• **TASK ITEM**: Repeat all of the data word for word so that only the pictures are missing from the copy.

• **DATA EXTRACT**:
=== Begin Enclosure ===
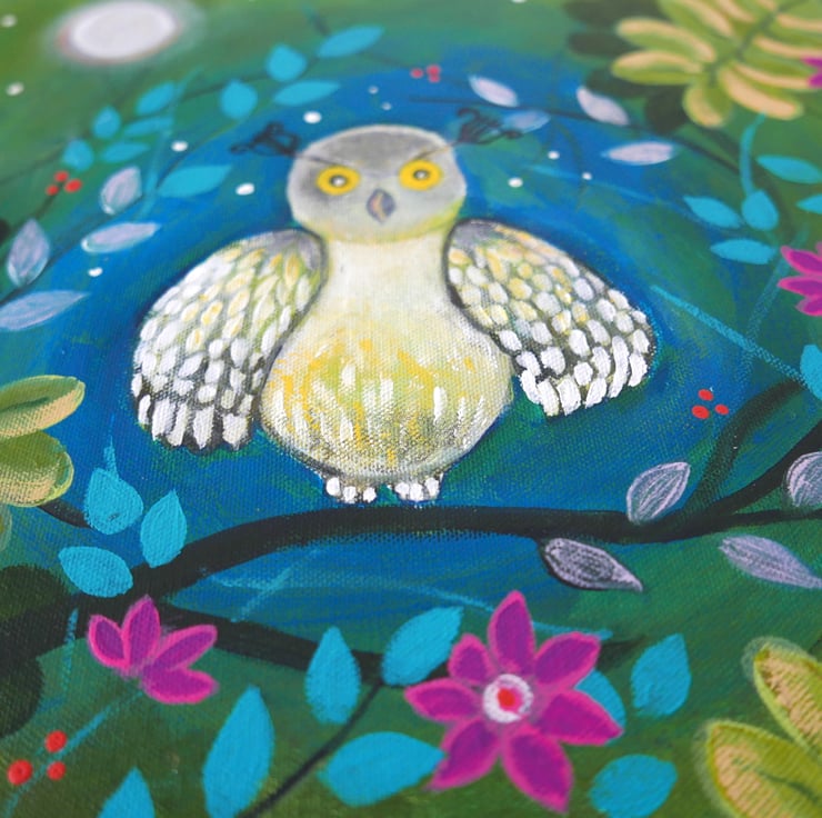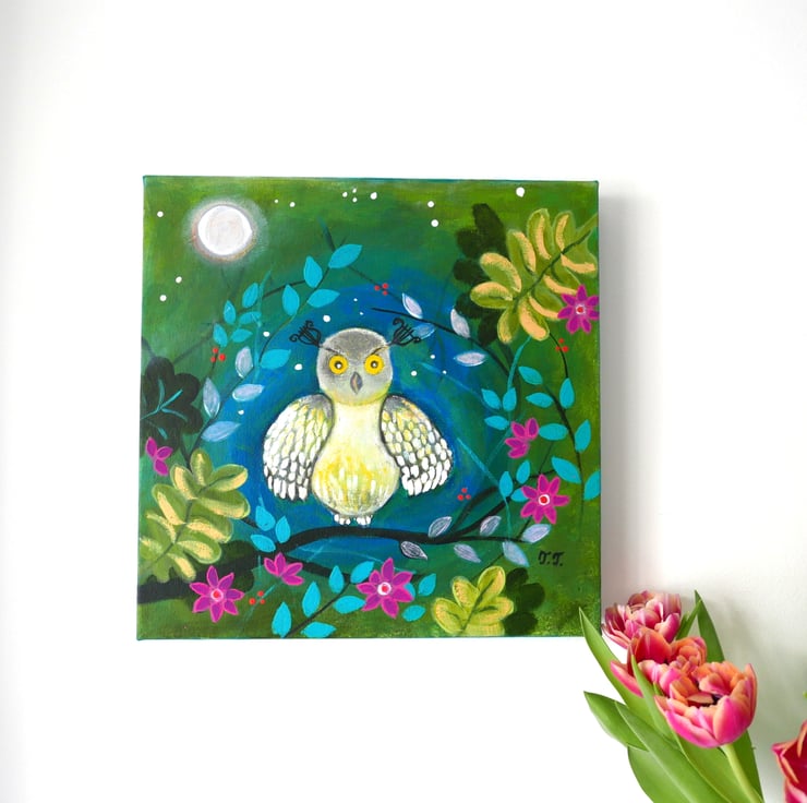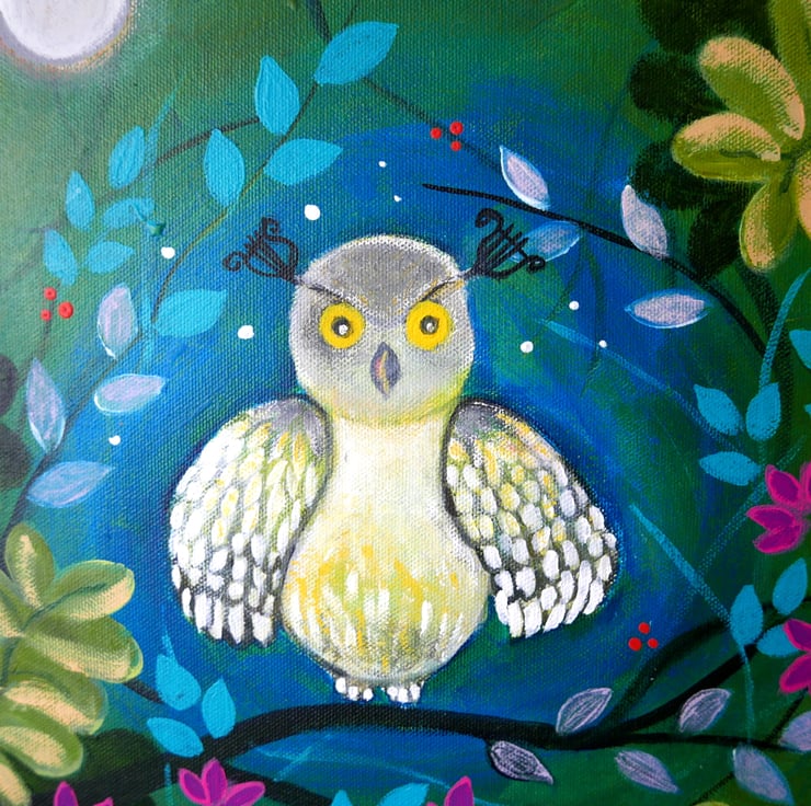 This is an original painting featuring an owl surrounded by nature with trees, leaves pattern and flowers against a green and teal background. The artwork is painted on the edges in forest green, it is varnished for protection and ready to hang. The owl has two little lyres for ears, my signature feature that can be found in other artworks.
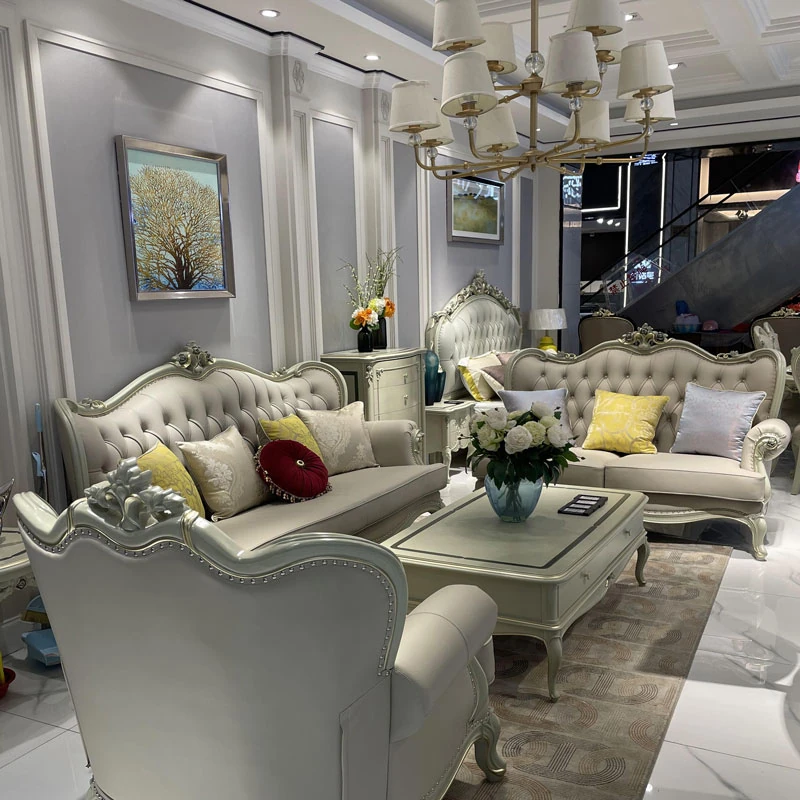 French Genuine Leather Solid Wood Dream Blue Sofa - Elegant European Style Luxury Furniture Set for Small Apartments and Villas - Perfect for Living Rooms and Suites
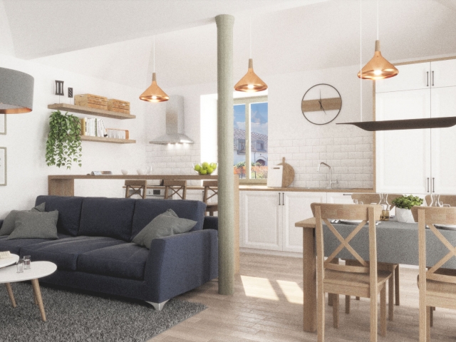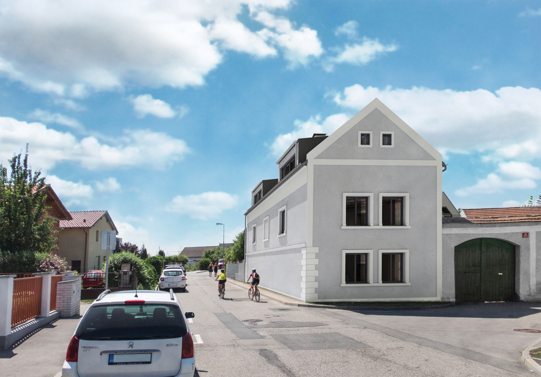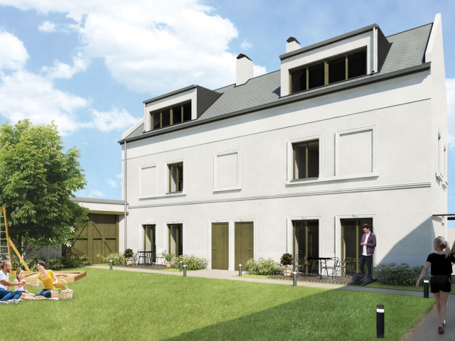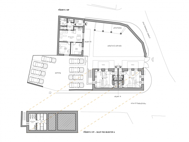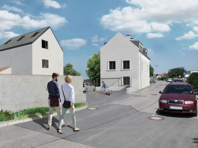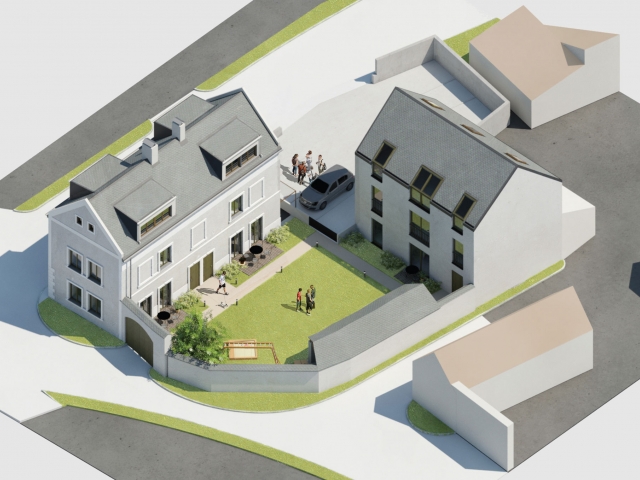 Stávající obytný dům - objekt A - o dvou nadzemních podlažích a podkroví bude z vnějšku rekonstruován do stavu blízkému své pravděpodobné původní podobě. Budou obnoveny všechny zdobné fasádní prvky a bude zachováno základní rozmístění okenních otvorů, případně budou otvory naznačeny ponechanými okenními šambránami. Střešní roviny budou rovněž zachovány a doplněny o střešní pultové vikýře, aby bylo možno využít půdní prostor stavby bez výrazného navýšení stavby. Interiér domu bude příčně rozdělen přes všechna tři patra na dvě poloviny, kdy každá bude řešena jako samostatná obytná jednotka. Hodnotné klenuté stropy v přízemí budou vytvářet kvalitní atmosféru nových obývacích prostor, v patře bude situována hlavní rodičovská ložnice a v podkroví pak dva dětské pokoje. Všechna podlaží budou vybavena sociálním zázemím. V suterénu stavby vznikne zázemí pro tyto i ostatní bytové jednotky souboru.
=== End Enclosure ===
• **THE ANSWER**:
 This is an original painting featuring an owl surrounded by nature with trees, leaves pattern and flowers against a green and teal background. The artwork is painted on the edges in forest green, it is varnished for protection and ready to hang. The owl has two little lyres for ears, my signature feature that can be found in other artworks.
 French Genuine Leather Solid Wood Dream Blue Sofa - Elegant European Style Luxury Furniture Set for Small Apartments and Villas - Perfect for Living Rooms and Suites
 Stávající obytný dům - objekt A - o dvou nadzemních podlažích a podkroví bude z vnějšku rekonstruován do stavu blízkému své pravděpodobné původní podobě. Budou obnoveny všechny zdobné fasádní prvky a bude zachováno základní rozmístění okenních otvorů, případně budou otvory naznačeny ponechanými okenními šambránami. Střešní roviny budou rovněž zachovány a doplněny o střešní pultové vikýře, aby bylo možno využít půdní prostor stavby bez výrazného navýšení stavby. Interiér domu bude příčně rozdělen přes všechna tři patra na dvě poloviny, kdy každá bude řešena jako samostatná obytná jednotka. Hodnotné klenuté stropy v přízemí budou vytvářet kvalitní atmosféru nových obývacích prostor, v patře bude situována hlavní rodičovská ložnice a v podkroví pak dva dětské pokoje. Všechna podlaží budou vybavena sociálním zázemím. V suterénu stavby vznikne zázemí pro tyto i ostatní bytové jednotky souboru.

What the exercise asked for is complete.